Education and mobility are intricately related. Poor education outcomes are the product of historic disparities that constrain mobility and are deeply rooted in culture. Nevertheless, one of the most contested battlefronts for mobility is in the minds of citizens themselves. A recent UC Berkeley study of India’s Hindu caste system found that many people believe that their social and economic fate is defined by their social status at birth. These deeply rooted identities lead to a self-determinism that can lower the ambitions of otherwise intelligent people. Rooting out toxic attitudes towards human equality – among both victims and the privileged – is fundamental to improving human capital.
Urban Environment
A recent Hindustan Times piece described how the blight, strife, and crushing social desolation of many Indian cities are a social pathology. “Such unstructured physical blight also reflects in a daily atmosphere of urban despair. Wherever you go, you come face to face with the sad consequence of a degenerate, defeated city,” states author Gautam Bhatia. According to his argument, without meaningful opportunities to connect, people revert to self-serving and even criminal behaviors. Indeed, India has recently received global attention for violent crimes against women, and 13 of India’s cities are among the world 20 most polluted.

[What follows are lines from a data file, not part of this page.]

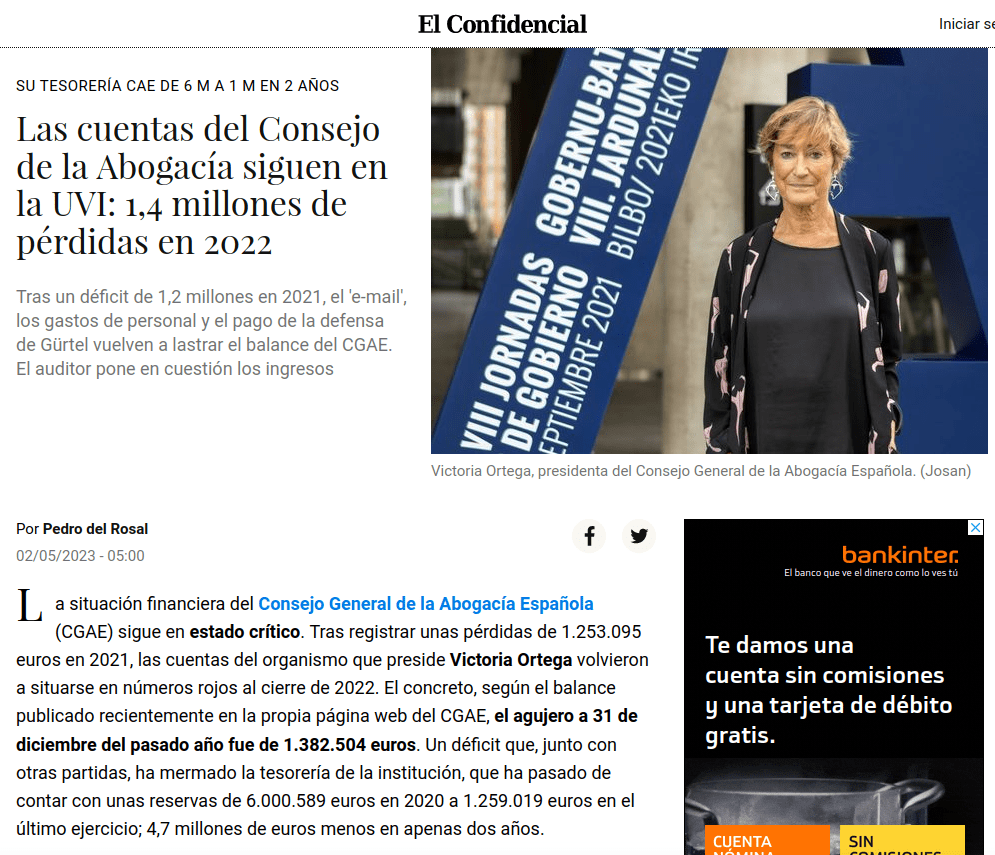 Y ahora por la prensa sabemos que a nadie se le oculta ya tampoco que la presidenta de la abogacía española está sumiendo al Consejo General de la Abogacía Española que acabaremos pagando todos los abogados y abogadas de España.
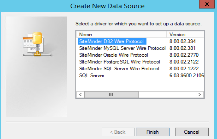 SiteMinder DB2 Wire Protocol : 8.00.02.394SiteMinder MySQL Server Wire Protocol : 8.00.02.381SiteMinder Oracle Wire Protocol : 8.00.02.2770SiteMinder PostgreSQL Wire Protocol : 8.00.02.2122SiteMinder SQL Server Wire Protocol : 8.00.02.1222 |
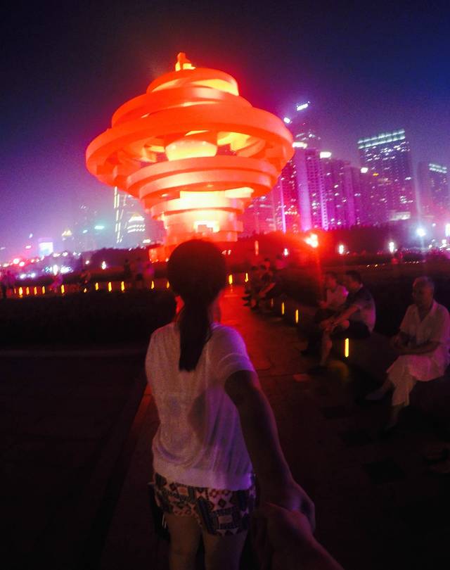 吃饱喝足沿着海岸线走去五四广场,有点像晚上的深圳湾,只是沿路很多小摊贩,空气非常好,很凉爽。走去五四广场发现了一群气势很强的暴走族,队伍非常壮大,把广场包围着暴走,应该是这里变相的广场舞罢。五四广场拍照很好看。一天的行程也就在这里结束了。

A recent New York Times op-ed laments that “the air and the mounting research into its effects have become so frightening that some feel it is unethical for those who have a choice to willingly raise children here.” The point about troubled cities underscores the importance of linking human capital development with the built environment – a factor squarely within the purview of government. Absent improvements in the rudiments of daily life and the fulfillment of basic human needs, India stands little chance of improving its human capital.
Call to Government Action
The conditions in which most Indians are brought up present a significant obstacle to human development. From education to social privilege to basic safety, a majority of India’s children must confront debilitating assaults on their livelihoods long before they enter the job market. To stay relevant in a global economy defined by “talent, innovation, and competitiveness,” India should take a more comprehensive view of development that incorporates all elements of human capital. Deeper educational reforms, an emphasis on creating a level socio-economic playing field, and improvement in basic urban living conditions would represent a good start.
Asit K. Biswas is Distinguished Visiting Professor at the Lee Kuan Yew School of Public Policy, National University of Singapore. Kris Hartley is a doctoral candidate at the Lee Kuan Yew School of Public Policy, National University of Singapore.